Exercise
Quote from the first line below through the line that contains "PCR tubes strips, PP, with", both included, and leave the pictures out.

Data shown
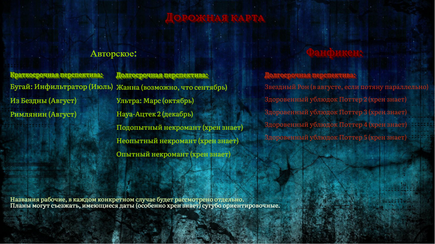 Представляю Вам своеобразную дорожную карту, которая одновременно служит анонсом предстоящих произведений (мини Е3, ёпт).
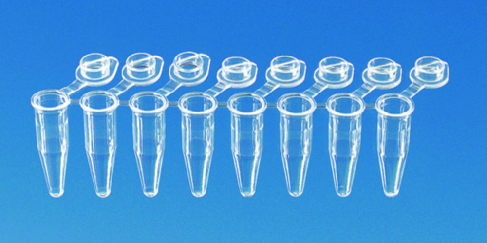 PCR tubes strips, PP, with attached single caps, 1 ridge
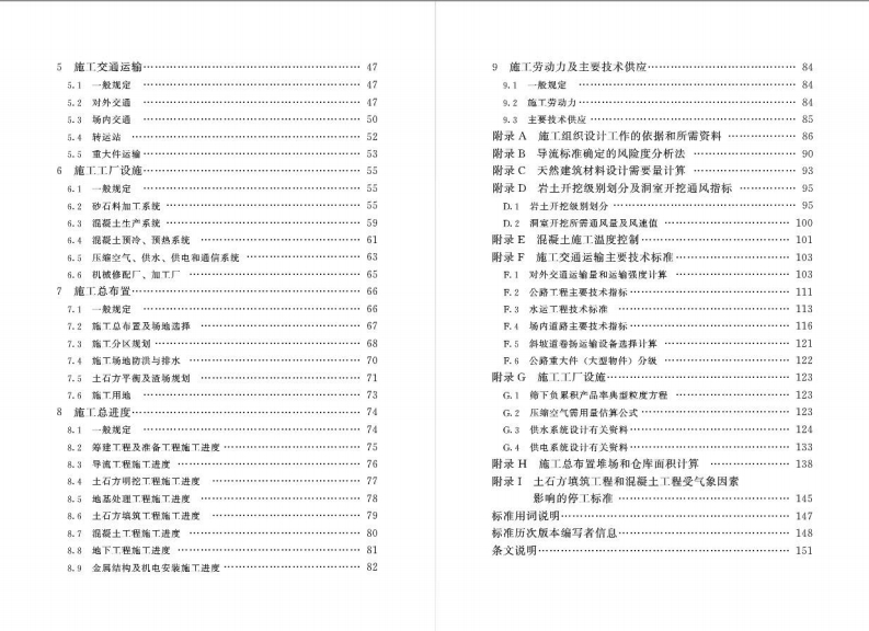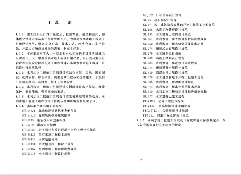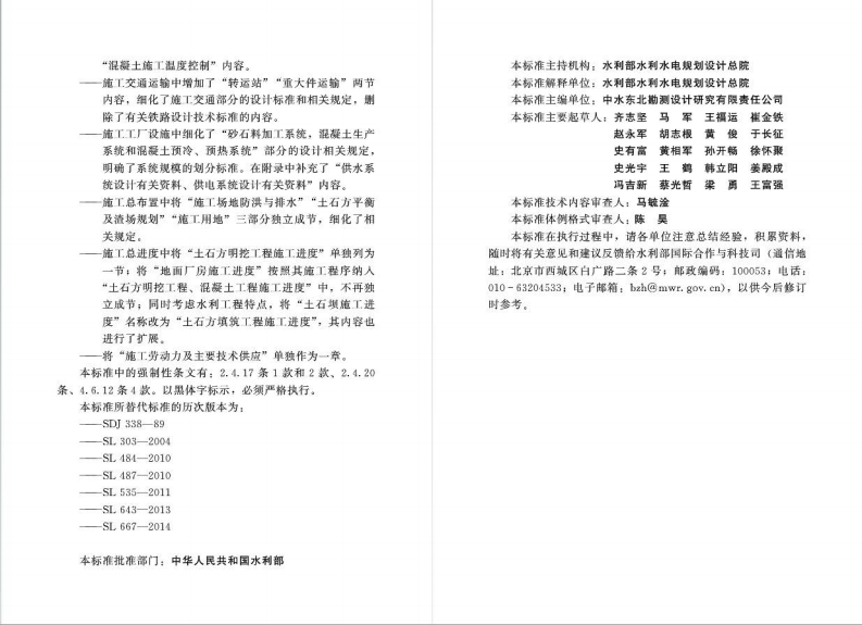 1C895.160P59SL中华人民共和国水利行业标准前言SL303-2017替代SL.303-2004SL484-2010根据水利技术标准制修订计划安排,按照SL1一2014《水SL487-2010利技术标准编写规定》的要求,对SL303一2004《水利水电工SL.535-2011程值工组织设计规范》进行修订。SL.643-2013本标准修订时合并了SL.484一2010《水利水电工程随工机SL667-2014拔设备选择设计导则》、SL487一2010《水利水电工程施工总布置设计规范》、SL535一2011《水利水电工程随工压缩空气及供水供电系统设计规范》、SL643一2013《水利水电工程施工总进度设计规范》、SL667一2014《水利水电工程施工交通设计规范》相关内容。本标准共9章和9个附录,主要技术内容有:能工导水利水电工程施工组织设计规范流、料源选择与料场开采、主体工程施工、施工交通运输、施工工厂设施、随工总布置、施工总进度、施工劳动力及主要技术供Specifications for construction planning应等。本次修订的主要内容有:of water resources and hydropower projects一旅工导流中增加了“施工期度讯”“导洗建筑物封堵”两节,将“随工期蓄水与下游供水”“施工期通航与排冰”分列为两节,补充了岩塞、充蓄水库工程等槌工导流的相关规定,补充细化了导流方式及导洗程序、导流建筑物型式的相关规定,将“料源述择与料场开采”独立作为一章,明确了设计需要量应考虑的扩大系数,规划开采量应考虑的备用系数。附录中新增加了“天然建筑材料设计需要量计算”2017-09-08发布2017-12-08实施内容。主体工程施工中增加了“随工机被设备选择”一节;将“土石坝怖工”改为“士石方填筑”,并补充了吹填随工技术内容;“混凝土植工”部分补充了混凝土温度控制中华人民共和国水利部发布和胶凝砂砾石坝筑圳技术的相关规定,在附录中补充了

Task result
 Представляю Вам своеобразную дорожную карту, которая одновременно служит анонсом предстоящих произведений (мини Е3, ёпт).
 PCR tubes strips, PP, with attached single caps, 1 ridge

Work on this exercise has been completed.